夫婦別姓――私はそこに昭和の匂いを嗅ぐ。

2021年の衆議院選挙では、新型コロナ対策、経済政策や子育て支援と並んで多様性も論点となった。そこで各党が第一に掲げるのは「夫婦別姓」。続いて「性的マイノリティ」への差別解消である。

もちろん、夫婦別姓という論点が悪いのではない。むしろ、1980年代から続く論争を現代まで積み残していることが問題なのだ。とはいえ、私を含めて夫婦別姓という主張に熱狂する30代は少ない。大学の教室で夫婦別姓を語っても、白けたムードが漂うだけだ。

 

大学生の中のよくできる子たちはレポートに「私はシスでヘテロですが」と書いてくる。“シス”というのは、例えば、身体的に女性で生まれて、それを変更することなく、いま社会的にも女性と認知されている者を指す。“ヘテロ”というのは、例えば、女性が異性である男性を恋愛対象としていることだ。

そんなん、あえていうことじゃないじゃんと思われるかもしれないが、“マジョリティ”に対する“マイノリティ”だけを、“ゲイ”だの“トランスジェンダー”だのと区別するのは、多様性の時代にふさわしくない、“マジョリティ”も“マイノリティ”もない、私もまさしく多様の中の一様であるという考えを表明するために、この大学生は自分を「シスでヘテロ」とあえて自らの性自認・性指向をカミングアウトしているのだ。

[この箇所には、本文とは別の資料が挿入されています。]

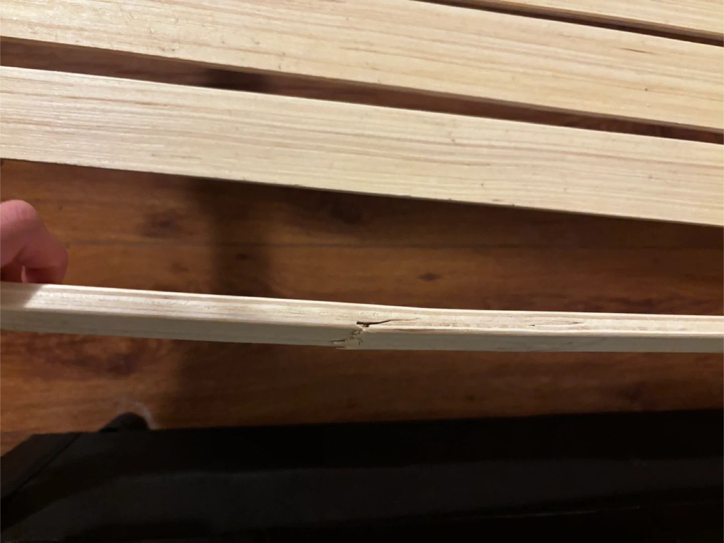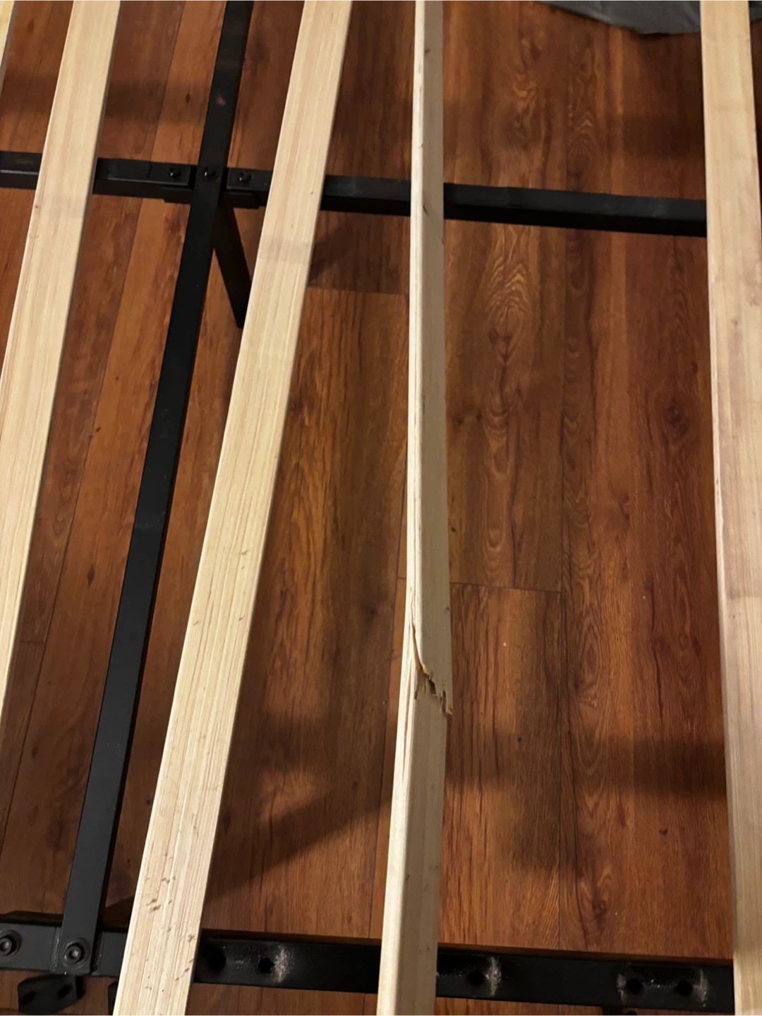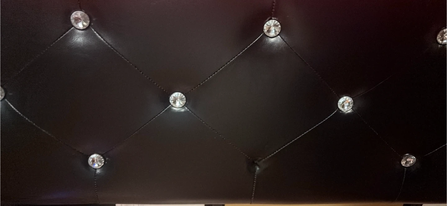 32Please note that 2 of the wooden slats is damaged and There is 1 missing rhinestones can easily be fixed with wood glue. Selling a black bed frame with a faux leather headboard. The headboard has embedded decorative rhinestones and an LED light strip.
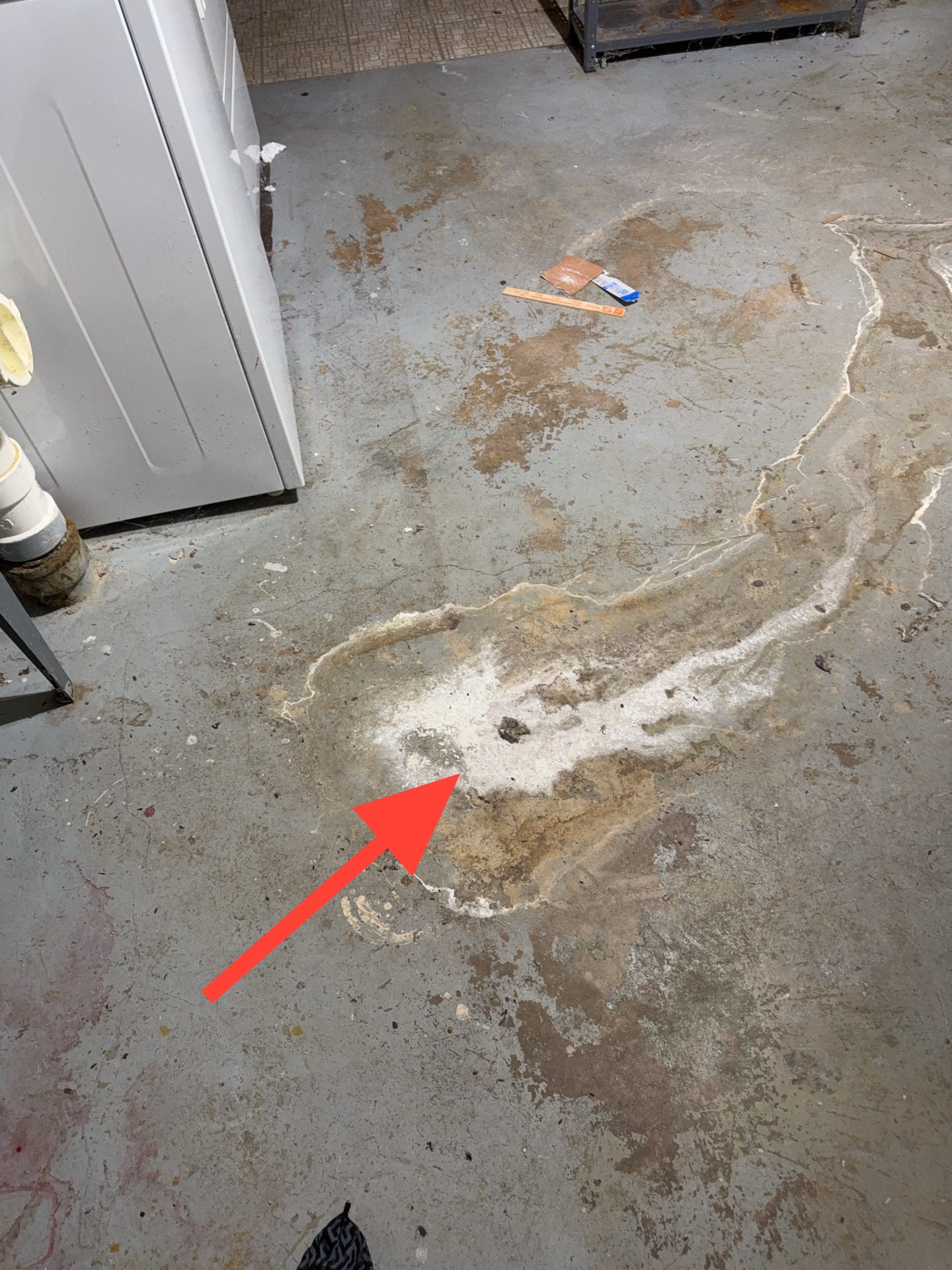 The sump pump discharge pipe was observed connected to an unidentified underground cast iron pipe penetrating the west foundation wall and extending toward the rear yard. The termination point of this pipe could not be determined at the time of inspection.

なにをいいたいのかというと、そういう子たちに、LGBTという性的“マイノリティ”に対する差別解消法といっても、まして「夫婦別姓」といったところで、それ自体が重要であることは変わりないが、自分たちの理解のその先を、来るべき未来を見せてもらってるという感じがしないのだ。

彼らがアップデートされる速度と、政治がバージョンアップする速さとの間のギャップが半端ない。で、まぁ、正直、(ふる)いから、んでもってちょっとダサいから、大学生の多くは政治には熱狂しないのだと、私は理解している。

(写真:iStock.com/FotoDuets)

そして、それこそが、今回上がったとされる若い世代の投票率がそれより上の世代に比べてそれでも低く、さらに若い世代のリベラル政党支持が少ない理由ではないかと、私は思っている。若者が保守的になったんじゃない。リベラルがモデルチェンジできてないんじゃないか。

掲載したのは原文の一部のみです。